У меня было крайне мало общего с денди, кутилой и любимцем дам Редверсом. Я думал, что получил свое приглашение по двум причинам: во-первых, я состоял в той же команде загребным; во-вторых, как автор недавно вышедшего сборника фольклора я мог рассказать хорошую, леденящую кровь историю в старинном духе, которая сама по себе является неотъемлемой частью Рождества.
Должен признаться, что этот злосчастный сборник с момента своего выхода питал остроумие всех моих соучеников, которые в меру своих возможностей то изображали за моим окном целый сводный оркестр привидений, то подкладывали чучело ведьмы в мою постель, то увешивали себя связками чеснока, изображая испуг, если я подходил слишком близко. Большинство из них искренне полагало, что автор такой книги и сам должен быть суеверен, словно деревенская старуха.
На самом деле, конечно, я не верил в привидений – но готов был поверить, если бы получил убедительные доказательства их существования. Мне казалось, что это больше отвечает духу науки, чем упрямый слепой скепсис.
И я был так рад сменить обстановку и на время отвлечься от иссушающего ум ученья, что весь вечер истратил на выбор самых эффектных, жестоких, пугающих рассказов из своих записей. Но все вышло немного иначе: когда мы приехали, оказалось, что семейная история Редверсов просто-таки изобилует загадочными явлениями и фамильными привидениями, так что хозяин дома полностью узурпировал роль рассказчика.
Я ни капли не огорчился: прекрасные актерские данные Редверса и его бархатный выразительный голос превращали каждую историю в настоящее представление. Он рассказывал про иногда раздающийся по ночам детский плач – плач незаконного ребенка, которого задушила собственная мать; про призрак лакея, который покончил с собой, забравшись в хозяйскую ванну; про красавицу, которая иногда вскрикивает, пробегая по коридору, а за ней несется некто в белом длинном одеянии и туманной дымкой вместо лица… но больше всего мне запомнилась история про Черную Даму. Сама по себе эта легенда достаточно типична и встречается в любом уголке Англии, но Редверс рассказывал про нее с особым чувством.
Неудивительно, ведь Черная Дама предвещала смерть одного из членов семьи.

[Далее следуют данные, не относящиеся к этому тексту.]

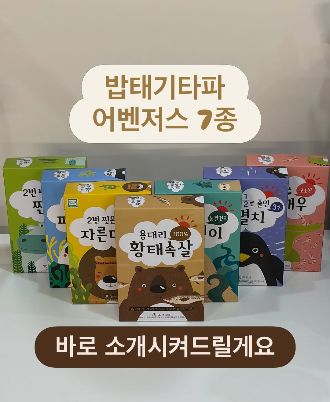 아이의 성장에 필요한 영양을 담은 다양한 해산물 재료로 구성된 바다모음입니다. 멸치, 파래가루, 황태속살 등으로 영양을 보충할 수 있습니다.

– Если присмотреться, – говорил Редверс, – можно заметить, что на черной ткани ее одежд расплываются темные пятна. Она была бездетна и покончила с собой кинжалом мужа-изменника, когда узнала, что его любовница родила ему сына. А перед смертью она будто бы прокляла весь род Редверсов и обещала, что увидит смерть каждого из нас, до конца поколений. А если ее видит кто-то не из нашего рода, значит, ему тоже предстоит скорая смерть.
– Кровожадная леди! А ты ее видел? – усмехнувшись, полюбопытствовал Смит. Я негодующе покосился на него, но Редверс ответил вполне спокойно.
– Однажды, когда умирал мой прадед. Только, Дарем, прошу, не записывай этого.
Я охотно дал согласие, изнывая от любопытства. Редверс, как истый актер, выдержал паузу, чтобы наше нетерпение дошло до предела, и затем продолжил:
– Это было поздним вечером, и мне давно полагалось спать, но меня разбудила карета доктора. Я вертелся на постели, пытаясь уснуть, прислушивался к голосам, и почему-то с каждой минутой мне становилось все страшней. Я больше не мог оставаться у себя в комнате – я вскочил, нашарил среди игрушек свой меч и вышел в коридор. Я склонился над перилами лестницы, но в холле было уже пусто. И тут я почувствовал дуновение холодного ветерка. Я обернулся и увидел, что из глубины коридора на меня надвигается черная тень, постепенно превращаясь в тонкую даму в черном платье. Сначала я успокоился, но потом понял, что я не знаю эту даму, и в ее лице было нечто такое… печаль и злоба, слитые воедино. Она неслась по коридору очень быстро, вытянув вперед руки, и глаза у нее были словно застывшие черные камешки. Мне показалось, что она хочет меня обнять, и я вскрикнул от ужаса и замахал своим детским оружием. Когда я проткнул ее, мне показалось, что я рву паутину. Она разинула рот в беззвучном крике и разлетелась на тающие клочья темноты, а я упал в обморок. Врач, который опоздал к смертному одру моего деда, занялся моим лечением, потому что я не приходил в себя трое суток. У меня чуть не случилась мозговая горячка.
Серьезность Редверса произвела на всех нас глубокое впечатление.
– Но почему тебе удалось прогнать Черную Даму? – первым нарушил я тишину. – В этом случае должно было сработать какое-то условие, условие…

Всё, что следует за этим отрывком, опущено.